Export elasticsearch document fields into tab separated values. estab
uses the scan search type
and the scroll API, which help
to retrieve large numbers of documents from Elasticsearch efficiently ...
$ go get github.com/miku/estab/cmd/estab
Or if your system speaks dpkg
or rpm
, there is a release.
$ estab -h
Usage of estab:
-1=false: one value per line (works only with a single column in -f)
-cpuprofile="": write cpu profile to file
-delimiter="\t": column delimiter
-f="_id _index": field or fields space separated
-header=false: output header row with field names
-host="localhost": elasticsearch host
-indices="": indices to search (or all)
-limit=-1: maximum number of docs to return (return all by default)

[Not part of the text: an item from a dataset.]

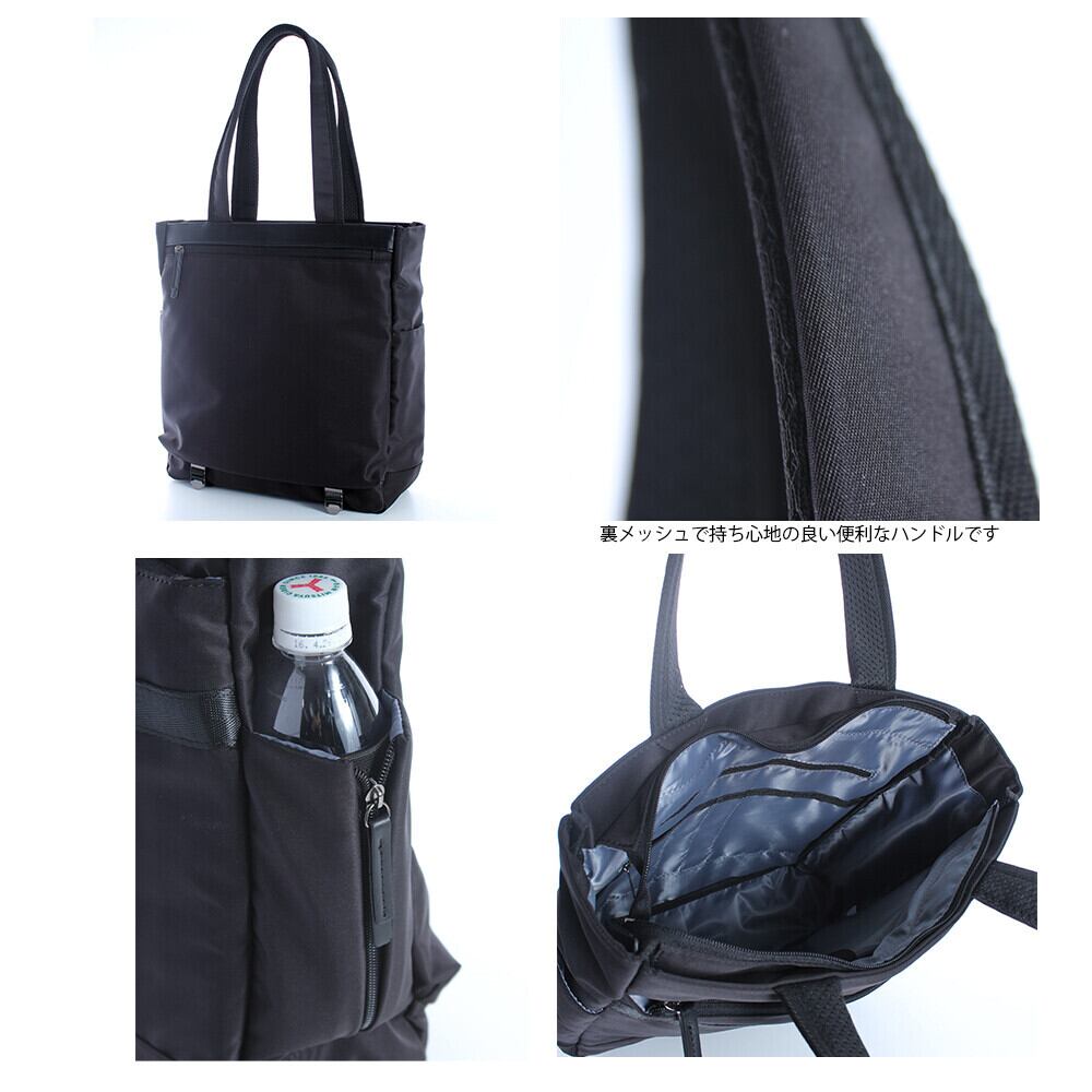 撥水加工の施された高密度ツイルポリエステル素材で軽量で持ちやすい仕様になっています。

-null="NOT_AVAILABLE": value for empty fields
-port="9200": elasticsearch port
-precision=0: precision for numeric output
-query="": custom query to run
-raw=false: stream out the raw json records
-separator="|": separator to use for multiple field values
-size=10000: scroll batch size
-timeout="10m": scroll timeout
-v=false: prints current program version
-zero-as-null=false: treat zero length strings as null values
Assuming an elasticsearch is running on localhost:9200.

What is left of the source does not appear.